Managers and investors should not set share price increases as their overarching goal… Short-term profits should be allied with an increase in the long-term value of a company.”

But despite these denunciations, the “pernicious nonsense” of shareholder value has spread.
Shareholder value thinking, say Bower and Paine, “is now pervasive in the financial community and much of the business world. It has led to a set of behaviours by many actors on a wide range of topics, from performance measurement and executive compensation to shareholder rights, the role of directors, and corporate responsibility.”

There are thus two opposing schools of thought: Shareholder value is either the best idea in business and the worst idea in the world. Which is it?

Corporate strategy on the other hand, is the overall plan of contemporary management practice, CEOs have been obsessed with diversification since the early 1960s, because almost no consensus exists about what corporate strategy is, much less about how a company should formulate it.

A diversified company has two levels of strategy: business unit (or competitive) strategy and corporate (or companywide) strategy.
Competitive strategy concerns how to create competitive advantage in each of the businesses in which a company competes.
Corporate strategy concerns two different questions: what businesses the corporation should be in and how the corporate office should manage the array of business units.

Corporate strategy is what makes the corporate whole add up to more than the sum of its business unit parts.
The track record of corporate strategies has been dismal.
A study of the diversification records of 33 large, prestigious U.S. companies over the 1950–1986 period, found that most of them had divested many more acquisitions than they had kept.
The corporate strategies of most companies have dissipated instead of created shareholder value.

The need to rethink corporate strategy could hardly be more urgent.
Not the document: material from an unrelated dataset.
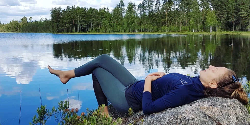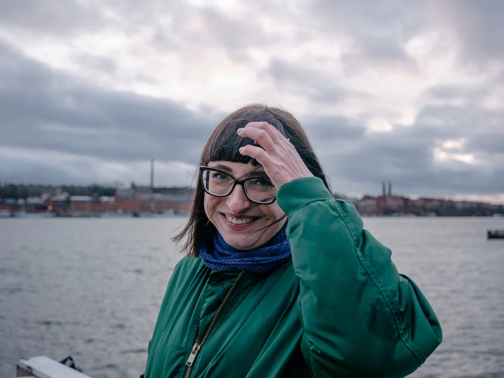 "alt": "Karin Skelton, nature-lover, takes a break by a lake in Sweden."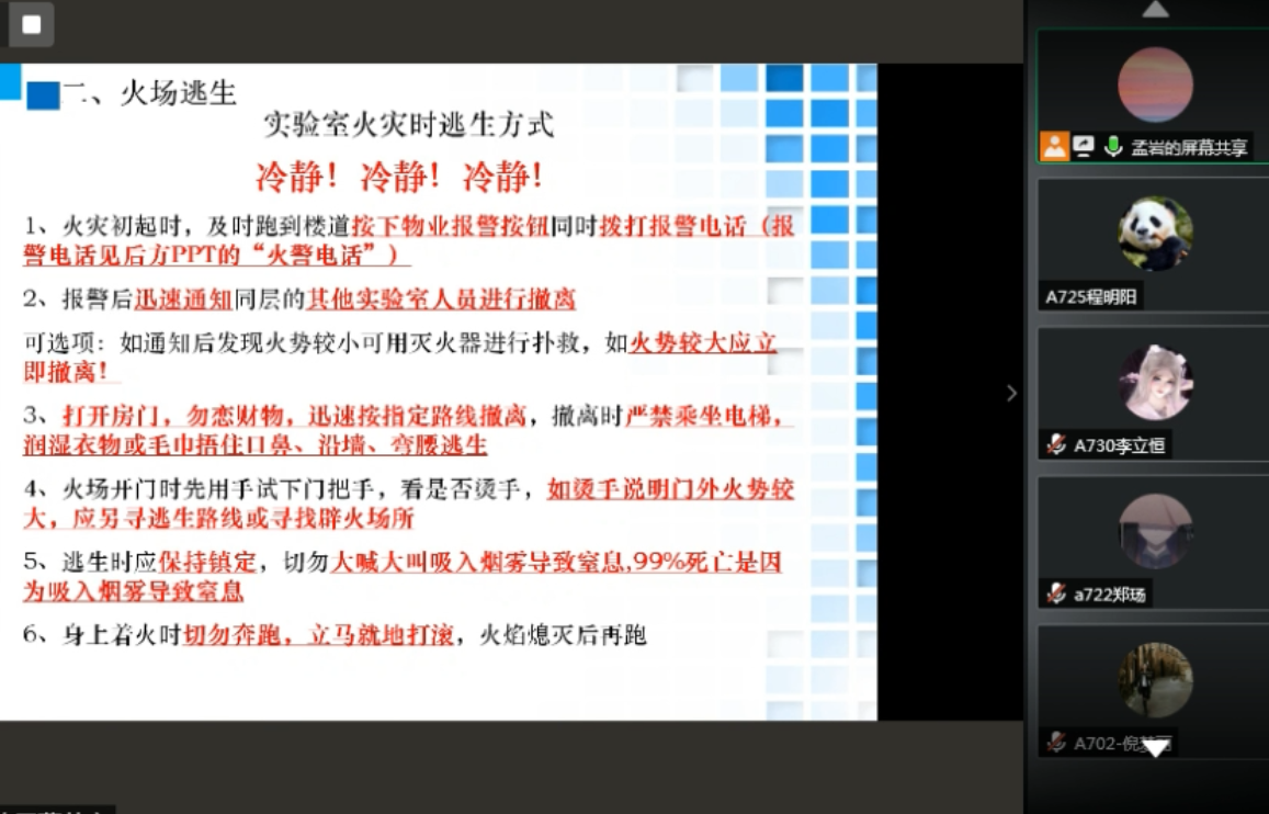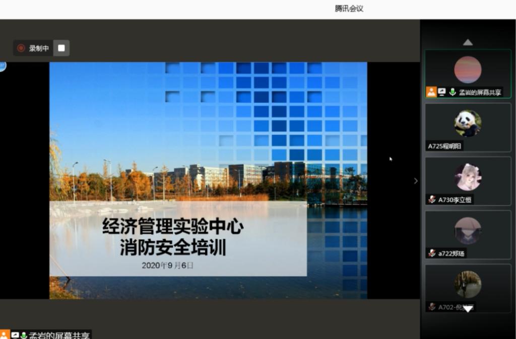 beat365官网实验中心于2020年9月6日上午10点通过腾讯会议在线组织实验中心有注册机位的同学参加消防安全培训(1学时课程),本次培训课由孟岩老师主讲。

By taking over companies and breaking them up, corporate raiders thrive on failed corporate strategy.
Fueled by junk bond financing and growing acceptability, raiders can expose any company to takeover, no matter how large or blue chip.

Recognising past diversification mistakes, some companies have initiated large-scale restructuring programs. Others have done nothing at all. Whatever the response, the strategic questions persist. Those who have restructured must decide what to do next to avoid repeating the past; those who have done nothing must awake to their vulnerability. To survive, companies must understand what good corporate strategy is.

Many post-Enron discussions about corporate governance have focused almost exclusively on the responsibilities of directors and the structure of boards and shareholders.
This is hardly surprising – after all, a company’s survival ultimately depends on the effectiveness of its board’s decision-making processes.
But boards don’t exist in a vacuum. Ultimately, board structures and decision-making cultures will depend on a company’s unique circumstances.
Large companies may also operate different levels of boards throughout their businesses. The complexity of large international organisations with many subsidiaries makes the issue of management information and decision-making more complex, and the need for directors of such vast organisations to have early-warning systems is a must.

The board of directors in any organisation is responsible for its operational, strategic and financial performance, as well as its conduct.
Boards exercise their responsibilities by clearly setting out the policy guidelines within which they expect the management to operate. They will set out the short- and long-term objectives of the organisation and a system for ensuring that the management acts in accordance with these directions.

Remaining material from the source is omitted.